Comparing S to its parent H, we see all the same changes as we'd see if we compared H vs R. If we never see I-J-...-R again, that's probably just fine!

So git reset --soft is convenient because we get to move a branch name and preserve everything in both Git's index and our work-tree.

In some other cases, we might want to make, say, two commits out of the files that were in R. Here we could let --mixed reset Git's index:

git reset main
git add <subset-of-files>
git commit
git add <rest-of-files>
git commit

This would give us:

          S--T   <-- feature (HEAD)
         /
...--G--H   <-- main

where the snapshot in T matches that in R, and the snapshot in S has just a few changed files. Here, we use the --mixed mode of reset to keep all files intact in our work-tree but reset Git's index. Then we use git add to update Git's index to match part of our work-tree, commit once to make S, and use git add to update the rest of our work-tree and commit again to make T.

So all of these modes have their uses, but to understand those uses, you need to understand what Git is doing with Git's index and your work-tree.

torek
  • 448,244
  • 59
  • 642
  • 775
0

Short answer: I would use git stash.


Long answer: Running git stash will reset the working directory and the index to the current head, by undoing whatever changes you've made to them.
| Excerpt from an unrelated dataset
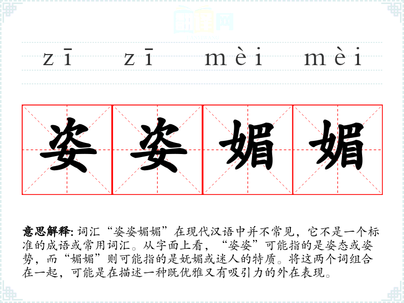 由于“姿姿媚媚”不是一个常用词汇,它在不同的语境中可能不太常见。在文学作品中,可能会用来形容女性的美丽和魅力,或者在描述艺术作品时,用来表达其优雅和吸引力。

It stores a record of these changes in the stash, in a form that's quite similar to a commit.

If you run git status at this point, it ought to show that there are no changes. (Untracked files will still show up. git stash has no effect on untracked files.)

Then you can make whatever changes to the commit history you want, perhaps using git reset, or git rebase. When you're done, run git stash pop. The changes will be retrieved from the stash and reapplied to the index and to the working directory.

You can even run git stash on one branch then switch to another branch before running git stash pop. That's pretty useful if you realize you've been working on the wrong branch.

The previous answer points out that git stores snapshots of files rather than storing changes. But a lot of the time it behaves as if the opposite were true: as if it stored changes rather than snapshots, and that's how git stash pop behaves: it tries to merge changes, rather than simply overwriting one version of a file with another. Note that this means you can get merge conflicts when running git stash pop just like when you run git cherry-pick or git rebase.